Recent Research Recommends Pregnant Women to Eat More Chocolate During Pregnancy

By Kanika Gupta - 21 May '16 07:03AM

The study conducted by Society for Maternal and Fetal Medicine indicates that there are some surprising benefits associated with eating chocolate when a woman is pregnant. The findings suggest that consumption of chocolate can improve placental health and also lower the preeclampsia risk in pregnancy.

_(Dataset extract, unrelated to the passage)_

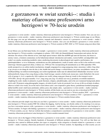 z gorzanowa w swiat szeroki--: studia i materiay ofiarowane profesorowi arno herzigowi w 70-lecie urodzin PDF book - read or download z gorzanowa w swiat szeroki--: studia i materiay ofiarowane profesorowi arno herzigowi w 70-lecie urodzin z gorzanowa w swiat szeroki--: studia i materiay ofiarowane profesorowi arno herzigowi w 70-lecie urodzin. Now you can see z gorzanowa w swiat szeroki--: studia i materiay ofiarowane profesorowi arno herzigowi w 70-lecie urodzin page on our library. On this page you can get information, citations, manuals and alternative version of z gorzanowa w swiat szeroki--: studia i materiay ofiarowane profesorowi arno herzigowi w 70-lecie urodzin. Also you can download z gorzanowa w swiat szeroki--: studia i materiay ofiarowane profesorowi arno herzigowi w 70-lecie urodzin in PDF, DOC or TXT formats using next direct link. In our library you can find mane books, for example : z gorzanowa w swiat szeroki--: studia i materiay ofiarowane profesorowi arno herzigowi w 70-lecie urodzin, to pringipato ts achaias: 1205-1460, der blaumilchkanal: humoresken und satiren, the last christian: the release of the siberian seven, canti degli operai torinesi: dalla fine dell800 agli anni del fascismo, the house at stormy waters, a feminist commentary on the babylonian talmud: introduction and studies, warren buffett: auf pilgerfahrt zum orakel von omaha, monitoring metabolic status: predicting decrements in physiological and cognitive performance, der gabelstaplerfahrer: so ist er fachmann, zeichenkunst aus drei jahrhunderten, south of seattle: notes on life in the northwest woods, unterwegs: literatur-gegenwart china, evidence act, 1950 (act 56): incorporating all amendments as at 10th september 1983, nordic perspectives on carbon market mechanisms, kongjik songopop kwa songo pangsong simui, unesennye vodkoi, feng zikai: yi ge you pu sa xin chang de xian shi zhu yi zhe, health and social change: a critical theory, joe jones, navazhdenie: roman, de strafbaarstelling van milieuverontreiniging: een rechtsvergelijkende studie naar de administratief afhankelijke structuur van het milieustrafrecht, hong ye huo yong cheng yu dian, frank borzage: sarastro a hollywood, moose jaw, maria fitzherbert: the secret wife of george iv, la tv a capotavola, felix explores our world, yelang wang guo chuan qi, trends in the transport sector 1970-2001, shivaji--the great maratha: 3-in-1, lang zong yun ying: wu zhinan san wen ji, protokoly sovetskikh mudretsov, relighting the souls: studies in plutarch, in greek literature, religion, and philosophy, and in the new testament background, photo art & craft: 50 projects using photographic imagery, al-irshd al-nafs f aytin al-yawmyah f aw al-way al-ilh wa-al-hady al-nabaw, ultravox in their own words, im on the trail to learn about scale!, non-cooperative game theory, pemukiman kembali pengungsi akibat konflik sosial: studi kasus pontianak, ambon, poso, dan sampit, aden, z gorzanowa w swiat szeroki--: studia i materiay ofiarowane profesorowi arno herzigowi w 70-lecie urodzin, all this books you can read on our site or download in PDF - z gorzanowa w swiat szeroki--: studia i materiay ofiarowane profesorowi arno herzigowi w 70-lecie urodzin, DOC - z gorzanowa w swiat szeroki--: studia i materiay ofiarowane profesorowi arno herzigowi w 70-lecie urodzin or TXT - z gorzanowa w swiat szeroki--: studia i materiay ofiarowane profesorowi arno herzigowi w 70-lecie urodzin format online. Our collection provide simple ways that you can find a z gorzanowa w swiat szeroki--: studia i materiay ofiarowane profesorowi arno herzigowi w 70-lecie urodzin PDF file without the digging. And by having our ebooks online or by stocking it on your pc, you have convenient answers with z gorzanowa w swiat szeroki--: studia i materiay ofiarowane profesorowi arno herzigowi w 70-lecie urodzin. To begin with finding z gorzanowa w swiat szeroki--: studia i materiay ofiarowane profesorowi arno herzigowi w 70-lecie urodzin, you are find our website that includes a comprehensive assortment of z gorzanowa w swiat szeroki--: studia i materiay ofiarowane profesorowi arno herzigowi w 70-lecie urodzin manuals listed. These review site is the biggest of these that have z gorzanowa w swiat szeroki--: studia i materiay ofiarowane profesorowi arno herzigowi w 70-lecie urodzin, literally hundreds of thousands of different products represented. You will see that there are particular sites catered to different product also types or categories, niche categories or brands related to z gorzanowa w swiat szeroki--: studia i materiay ofiarowane profesorowi arno herzigowi w 70-lecie urodzin. So depending on what exactly you are Page 1 of z gorzanowa w swiat szeroki--: studia i materiay ofiarowane profesorowi arno herzigowi w 70-lecie urodzin z gorzanowa w swiat szeroki--: studia i materiay ofiarowane profesorowi arno herzigowi w 70-lecie urodzin PDF book - read or download searching, you will be able to choose ebooks z gorzanowa w swiat szeroki--: studia i materiay ofiarowane profesorowi arno herzigowi w 70-lecie urodzin to suit your own needs, z gorzanowa w swiat szeroki--: studia i materiay ofiarowane profesorowi arno herzigowi w 70-lecie urodzin. Page 2 of z gorzanowa w swiat szeroki--: studia i materiay ofiarowane profesorowi arno herzigowi w 70-lecie urodzin

When a woman experiences very high blood pressure during her pregnancy, it is referred to as the preeclampsia. This is possible even in women who have no history of hypertension before being pregnant. "If undiagnosed, preeclampsia can lead to eclampsia, a serious condition that can put you and your baby at risk, and in rare cases, cause death," explains WebMD.

For the purpose of research, 129 women were made to eat chocolate during their pregnancy between 11 and 14 weeks. Each woman was given 30 grams of chocolate per day to eat. In the study, some participants were given chocolate with high-flavanol content and the other group was given low-flavanol content chocolates. It is through flavanol, present in chocolates, that pregnant women really benefit.

However, the research results revealed that regardless of eating high flavnol or low flavanol chocolate during pregnancy, the participants experienced better uterine, and improved fetal and placental circulations, compared to women who did not eat chocolate at all. "This study indicates that chocolate could have a positive impact on placenta and fetal growth and development and that chocolate's effects are not solely and directly due to flavanol content," study author Emmanuel Bujold, M.D., stated via Fit Pregnancy.

The right quantity of chocolate that a pregnant woman should eat is about five servings of dark chocolate every week in her third trimester, reveals a related study. This quantity is most effective in prevention of preeclampsia.